Guides - Hadoop docs for gridftp-hdfs


 

Install & configure the storage element:

Description Install BeStMan-Gateway to provide access to disk array via grid utilities.
Dependencies - OSG CE configured
- GUMS installed, configured, and running
- Disk array network mounted on all nodes
Notes These are only additional notes, follow the official OSG release docs, consulting our notes for details. We install the worker-node client, the CE, and SE all on the same node (the grid node) and the CE & SE in the same directory. We run BeStMan as user "best" instead of as "daemon" because we do not allow world-readable access to files on our SE. The daemon user is not in the "users" group, but the best user is.
Guides - OSG release docs for BeStMan-Gateway

Install the worker node client:

Description Install the worker node client to give worker nodes access to certificate information, system configuration, and software binaries.
Dependencies - OSG CE configured
Notes These are only additional notes, follow the official OSG release docs, consulting our notes for details. We install the worker-node client as root (su -) on the GN in a fresh shell in /sharesoft/osg/wnclient.
Guides - OSG release docs for worker node client

Start the CE & SE

Description Start the compute and service elements, check RSV tests and service logs, publish CMSSW software pins if applicable.
Dependencies - OSG CE configured
- OSG SE installed and configured
- OSG WN client installed
Notes
Guides - Globus 2.0 error codes (for debugging)

As root (su -) on the GN:

  1. Start the OSG CE & SE:
    cd /sharesoft/osg/ce
    . setup.sh
    vdt-control --on

    This starts all the services for both the CE & SE because we installed them in the same directory.
    • In the case of running gridftp-hdfs, make sure gsiftp is disabled
  2. You can perform a series of simple tests to see if your CE has basic functionality. Login to any user account and:
    source /sharesoft/osg/ce/setup.csh
    grid-proxy-init
    cd /sharesoft/osg/ce/verify
    ./site_verify.pl
  3. The CEmon log is kept at $VDT_LOCATION/glite/var/log/glite-ce-monitor.log.
  4. The GIP logs are kept at $VDT_LOCATION/gip/var/logs.
  5. globus & gridftp logs are kept in $GLOBUS_LOCATION/var and $GLOBUS_LOCATION/var/log.
  6. The BeStMan log is kept in $VDT_LOCATION/vdt-app-data/bestman/logs/event.srm.log.
  7. Results of the RSV probes will be visible at https://hepcms-0.umd.edu:7443/rsv in 15-30 mins. Further information can be found in the CE $VDT_LOCATION/osg-rsv/logs/probes.
  8. You can force RSV probes to run immediately (as rsvuser on GN) following these instructions: rsv-control --run --all-enabled.
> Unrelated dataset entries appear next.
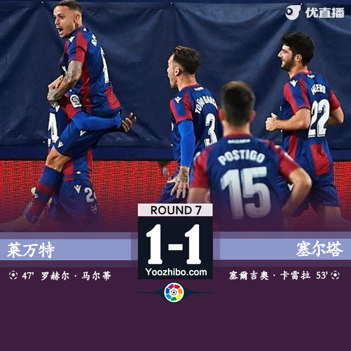 JRS直播网讯:北京时间10月27日凌晨,2020-2021赛季欧洲五大联赛结束最新一轮比赛争夺。其中,莱万特主场迎战塞尔塔,马尔蒂破门卡雷拉处子球,莱万特1-1塞尔塔。
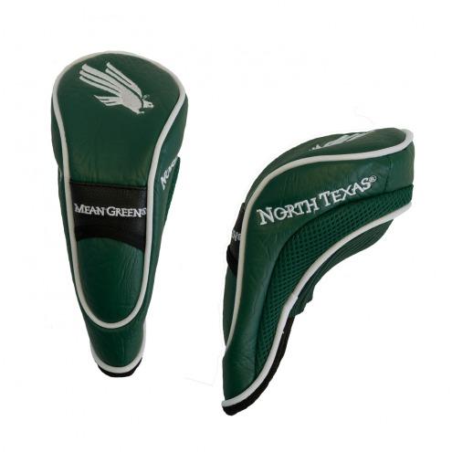 The North Texas Mean Green logo hybrid golf head cover is EZ on/EZ off and fits all hybrid, utility and even many fairway clubs. Imitation leather front and sides, with mesh and nylon back for easy stretching and North Texas Mean Green logos and trademarks embroidered on 4 locations of the hybrid headcover.
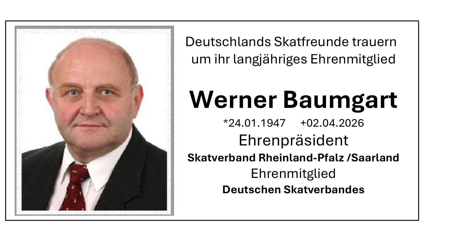 Mit Werner Baumgart verliert der Skatverband Rheinland-Pfalz/Saarland e.V. eine seiner prägendsten Persönlichkeiten. Sein Name war über Jahrzehnte untrennbar mit der Organisation und Förderung unseres Spiels verbunden. Als langjähriger Präsident agierte er stets mit Weitsicht, Sachverstand und einer tiefen Leidenschaft für das Skat-Spiel.
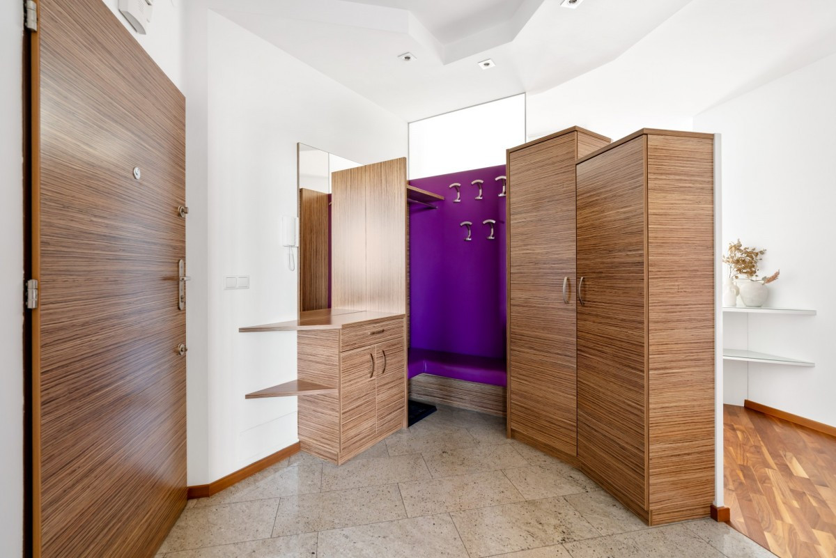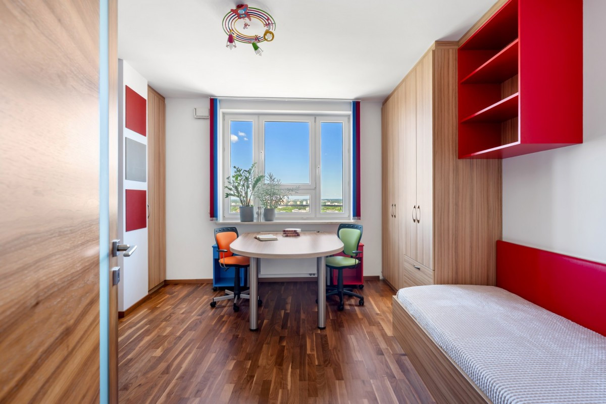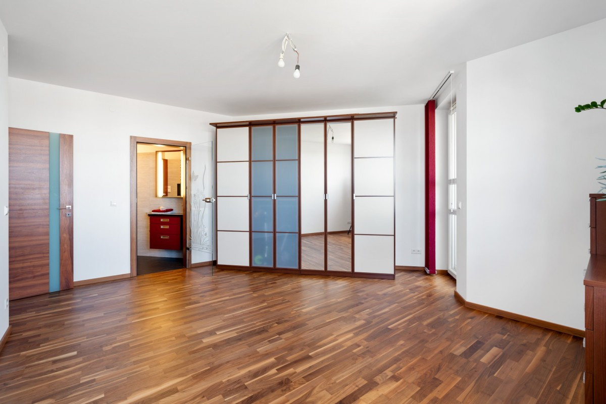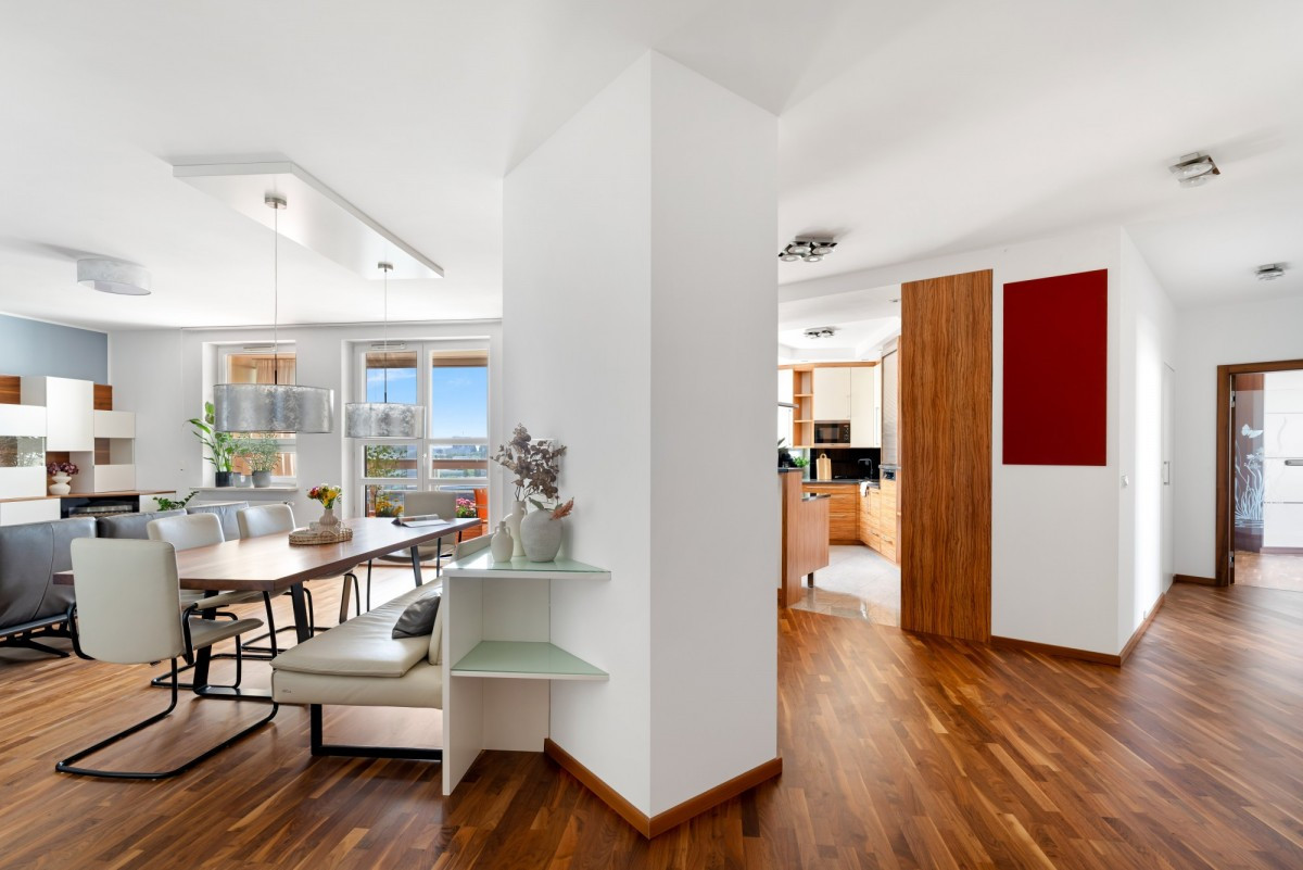 Mieszkanie jest dwustronne - z salonu rozciąga się zachwycająca panorama Warszawy i „warszawskiego city”, natomiast z sypialni i gabinetu widok na zielony Stary Żoliborz.
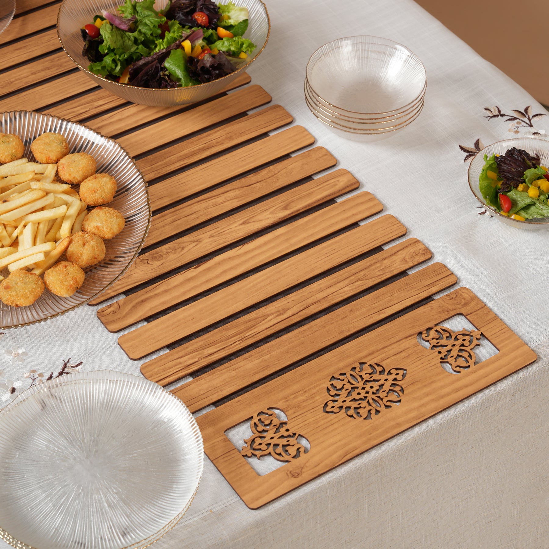 Infuse your dining space with a blend of modern architectural texture and intricate craftsmanship with this 14x72 inch table runner. Featuring a stunning linear slatted design in a deep espresso finish, this piece is elevated by beautiful laser-cut medallion panels on each end. Its bold silhouette and ornate decorative cut-outs create a unique, high-end focal point that anchors your table with sophisticated, contemporary charm.
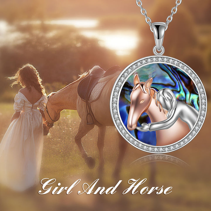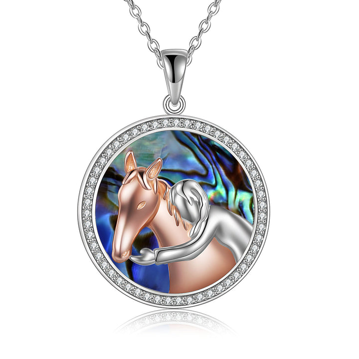 Sterling Silver Two-tone Abalone Shellfish Horse & Girl Necklace for Women Men
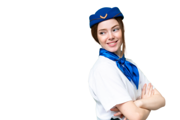 Airplane stewardess over isolated chroma key background with arms crossed and happy
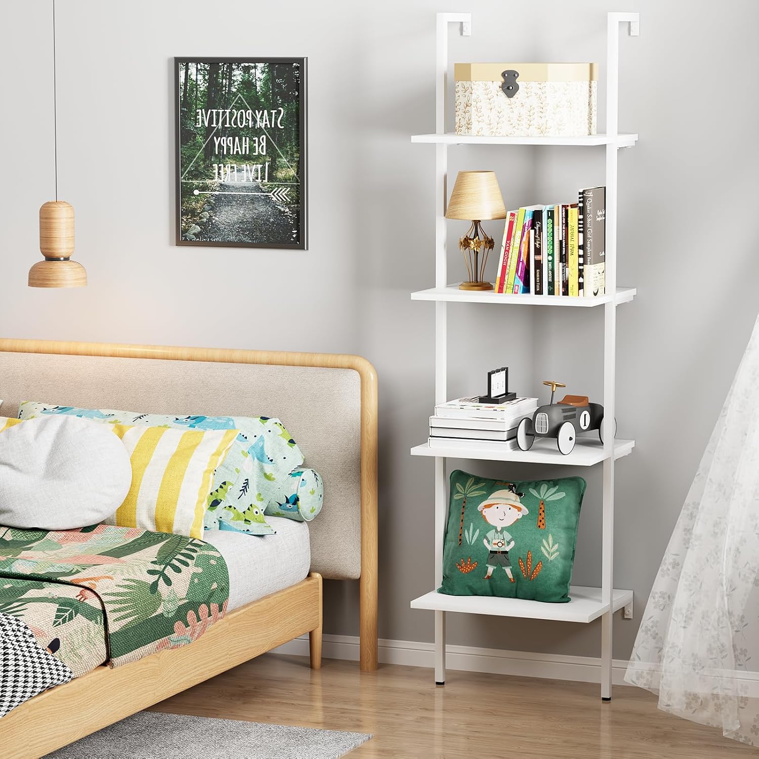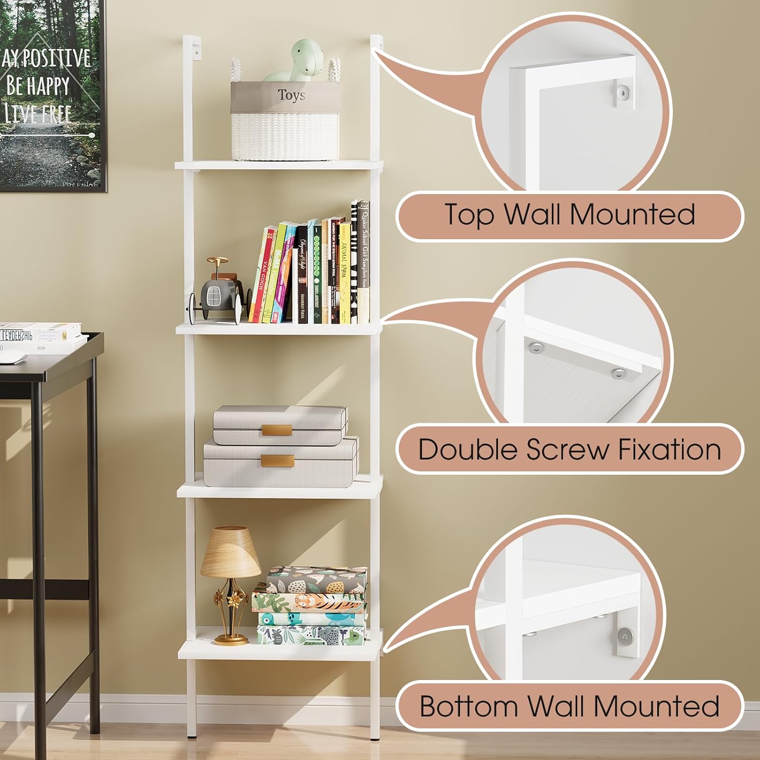 ✔DURABILITY & STABILITY: The adjustable leg pads on the bottom of the storage rack ensure that the ground is not scratched. The ladder shelf is well mounted into the wall and you have no fear of it crashing down or falling over.

After starting the CE for the first time, the file /sharesoft/osg/app/etc/grid3-locations.txt is made. This file is used to publish VO software pins and should be edited every time a new VO software release is installed or removed. If CMSSW is installed (instructions below are repeated in the CMSSW installation):

  1. Add a link to the CMSSW installation in the osg-app directory:
    cd /sharesoft/osg/app
    mkdir cmssoft
    chmod 777 cmssoft
    chown cmssoft:users cmssoft
  2. Give cmssoft ownership of the release file:
    chown cmssoft:users /sharesoft/osg/app/etc/grid3-locations.txt
  3. As cmssoft (su - cmssoft), create the needed symlink in the OSG APP directory to CMSSW:
    cd /sharesoft/osg/app/cmssoft
    ln -s /sharesoft/cmssw cms
  4. As cmssoft (su - cmssoft), inform BDII which versions of CMSSW are installed and that we have the slc4_ia32_gcc345 environment. Edit /sharesoft/osg/apps/etc/grid3-locations.txt to include the lines:
    VO-cms-slc4_ia32_gcc345 slc4_ia32_gcc345 /sharesoft/cmssw
    VO-cms-CMSSW_X_Y_Z CMSSW_X_Y_Z /sharesoft/cmssw
    (modify X_Y_Z and add a new line for each release of CMSSW installed)

Register with the Grid Operations Center (GOC):

Description Register site with OSG.
Dependencies None
Notes We used a much older registration process, but provide the options we selected for reference. Follow the OIM registration instructions guide for details as the new registration page has changed substantially.
Guides - OIM web portal
- OIM registration instructions
- BDII information about your site, once registered